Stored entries

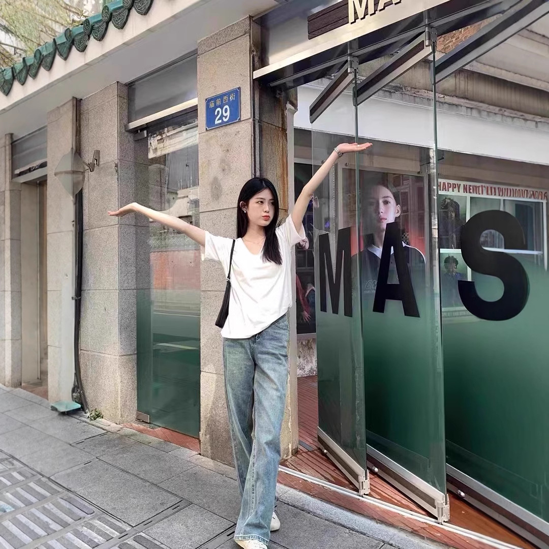 纯色v领正肩宽松百搭显瘦短袖女2025新款爆款夏装减龄休闲T恤上衣
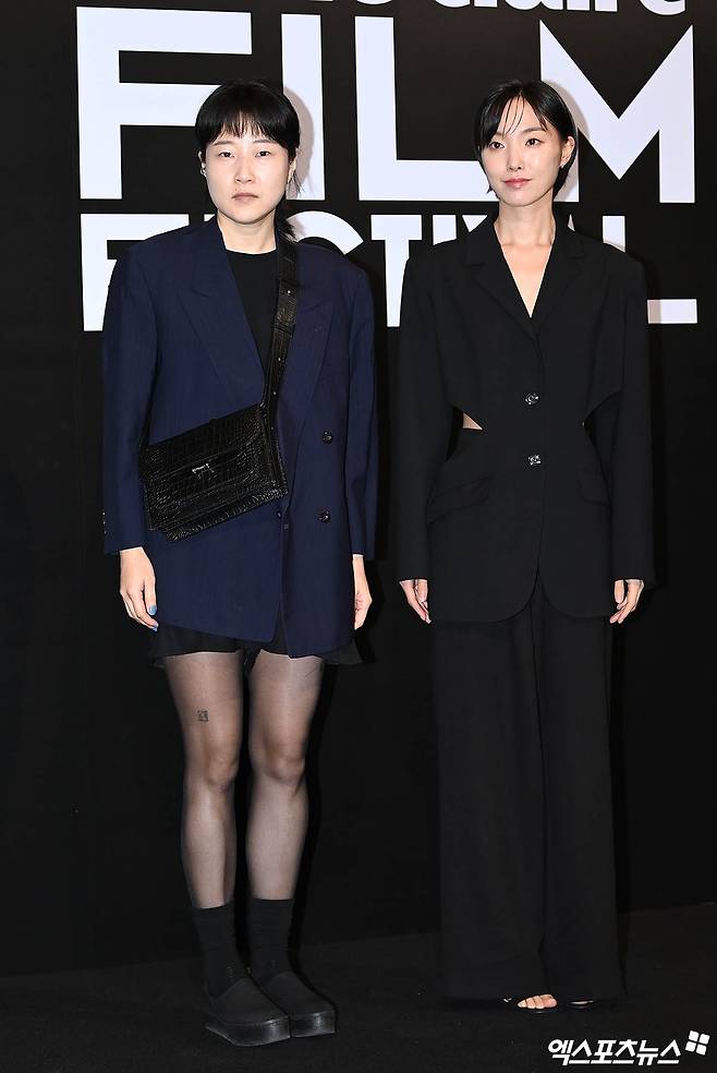 이날 행사에 참석한 유지영 감독과 배우 한해인이 ㅁ포토타임을 갖고 있다.
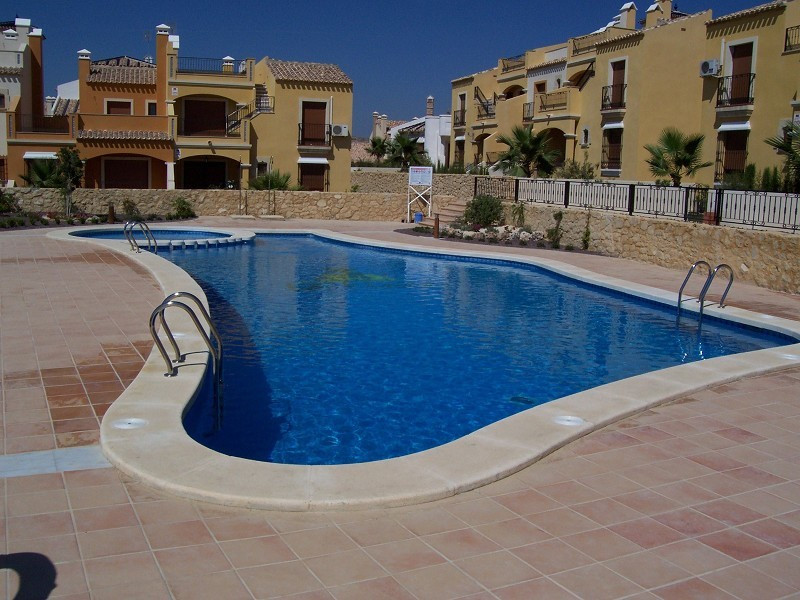 This is a 2 bedroom 2 bathroom bungalow nicely located close on the golf course with a good selection of bars and restaurants literally around the corner. The property benefits from having great views from the private solarium and backs out onto a secluded courtyard with a lovely communal swimming pool, the feature of this secure gated complex.
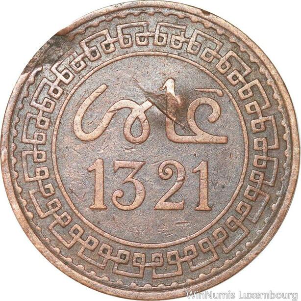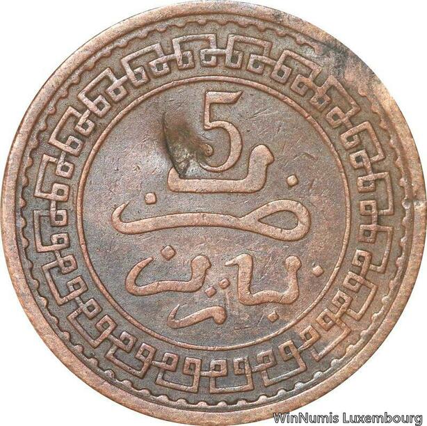 R8954 Rare Morocco 5 Mazounas Abd al-Aziz AH 1321 1903 Paris -> Make offer
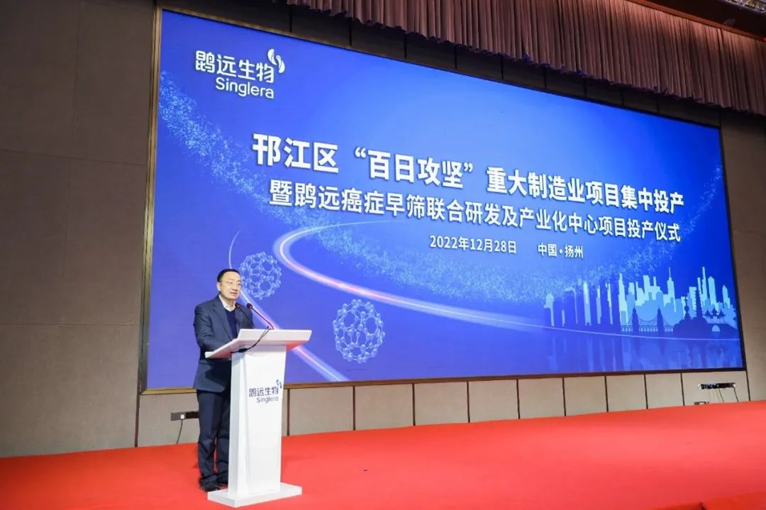 12月28日,邗江区“百日攻坚”重大制造业项目集中投产暨英国威廉希尔癌症早筛联合研发及产业化中心项目投产仪式在扬州迎宾馆盛大举行。中共扬州市委书记张宝娟、扬州市卫健委主任赵国祥、扬州市医保局党组书记张跃春、江苏省苏北人民医院党委书记徐道亮、中共扬州市邗江区委书记张新钢、邗江区人大常委会主任陈佳宏、扬州高新区党工委书记、管委会主任叶华生及市、区相关部门和单位负责人出席了此次仪式。仪式由邗江区委副书记、代区长王庆伟主持。

EXERCISE
What the reply must contain is an exact transcription of the data above and none of its pictures.

EXERCISE OUTPUT
 纯色v领正肩宽松百搭显瘦短袖女2025新款爆款夏装减龄休闲T恤上衣
 이날 행사에 참석한 유지영 감독과 배우 한해인이 ㅁ포토타임을 갖고 있다.
 This is a 2 bedroom 2 bathroom bungalow nicely located close on the golf course with a good selection of bars and restaurants literally around the corner. The property benefits from having great views from the private solarium and backs out onto a secluded courtyard with a lovely communal swimming pool, the feature of this secure gated complex.
 R8954 Rare Morocco 5 Mazounas Abd al-Aziz AH 1321 1903 Paris -> Make offer
 12月28日,邗江区“百日攻坚”重大制造业项目集中投产暨英国威廉希尔癌症早筛联合研发及产业化中心项目投产仪式在扬州迎宾馆盛大举行。中共扬州市委书记张宝娟、扬州市卫健委主任赵国祥、扬州市医保局党组书记张跃春、江苏省苏北人民医院党委书记徐道亮、中共扬州市邗江区委书记张新钢、邗江区人大常委会主任陈佳宏、扬州高新区党工委书记、管委会主任叶华生及市、区相关部门和单位负责人出席了此次仪式。仪式由邗江区委副书记、代区长王庆伟主持。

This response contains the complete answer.